To truly see the museum, you’ll need much more than just one day and no matter how many times you return, you’ll never pay a dime. Admission to the Victoria and Albert Museum is free and has been since 2001, but donations are welcomed.

Museum Architecture

The landmark front facade of the Victoria and Albert Museum stretches 220 meters (720 feet) along Cromwell Gardens. Fashioned from red brick and Portland cement, this portion of the museum was designed by Aston Webb in 1891 and served as an addition to the original museum. Construction took place from 1899 to 1909.

Webb’s design is rather eclectic. Most of the detail is Renaissance in style, though the building does have some medieval elements. The shallow arches supported by slender columns are Romanesque in form, and the detail there is decidedly classical. The tower above the main entrance is reminiscent of those built in the late Gothic period, particularly in Scotland. The extensive use of marble is evident in the interior.
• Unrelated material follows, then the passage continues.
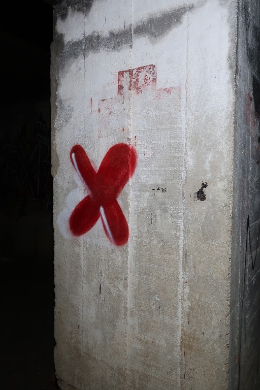 Vue intérieure : traces d'une flèche peinte en noir et croix rouge indiquant l'infirmerie. Les murs sont couverts de graffitisImmatriculation

Henry Cole Wing, Victoria & Albert Museum, London
Henry Cole Wing

The museum survived World War II pretty much intact, and it wasn’t until the 1950s and 1960s that additions and renovations began to be made, including the addition of the Henry Cole wing.

Renovation and Expansion

In 2001, the museum released the details of what they dubbed the “Future Plan”, which comprised its roadmap for the renovation and expansion of the museum over the following decades. In the first phase, the museum renovated several galleries with the help of renowned architects. And in 2009 it opened two new galleries: one displays ceramics and another houses an extensive collection of Medieval and Renaissance artifacts.

The second phase of the expansion plan was launched in 2010 when V&A announced it would hold a design competition for a major expansion of the museum. An earlier plan for the expansion in 2004 was met with fierce opposition due to its modern design, which showed a glass, seven-story-tall spiraling structure designed by Daniel Liebeskind. The museum instead decided to expand underground with a gallery designed by Amanda Levete Architects. The new expansion, which also features a new courtyard entrance and foyer, opened in 2017.